Hank no podía evitar la sensación de que un enfrentamiento con Dorian era inevitable.
Murmuró frustrado: «Si nos hubiéramos ido al extranjero en cuanto nos enteramos de la traición de Gareth, quizá habríamos salvado la situación».
Pero en aquel entonces, la atención de Caden se había centrado por completo en Alicia, y eso lo había retrasado todo.
Dándose la vuelta, Caden sacó un cigarrillo, con la voz lastrada.
«Dorian conoce mi punto débil. Está haciendo todo lo posible para dejarme sin salida».
Los ojos de Hank se pusieron rojos de incredulidad.
«Señor Ward, usted no renunciaría a años de duro trabajo sólo por la señorita Bennett, ¿verdad?».
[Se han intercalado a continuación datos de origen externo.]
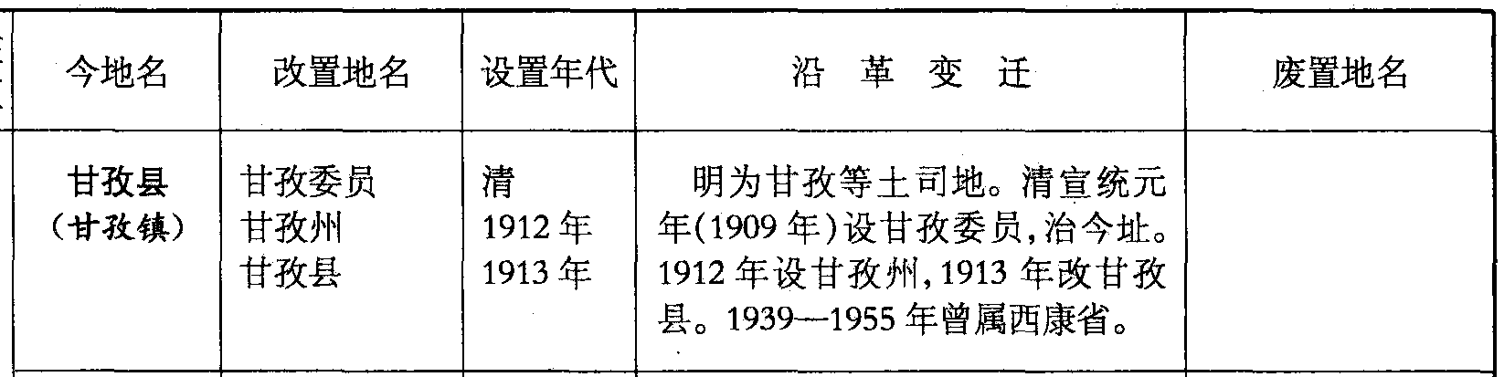 甘孜县(甘孜镇)甘孜委员甘孜州甘孜县清1912年1913年明为甘孜等土司地。清宣统元年(1909年)设甘孜委员,治今址。1912年设甘孜州,1913年改甘孜县。1939—1955年曾属西康省。

Los movimientos de Caden se ralentizaron por un momento.
Un raro indicio de conflicto apareció en sus ojos.
«El dinero se puede recuperar. Alicia ya no está sola; ahora es mi prometida. Ninguna cantidad de dinero se acerca a lo que ella vale».
Hank sintió una punzada aguda, como un cuchillo retorciéndose en su pecho.
Años atrás, el éxito de Caden se basaba sobre todo en su talento, así como en algo de buena suerte.
Sus logros provenían de incontables días y noches de duro trabajo y sacrificio a sus veinte años.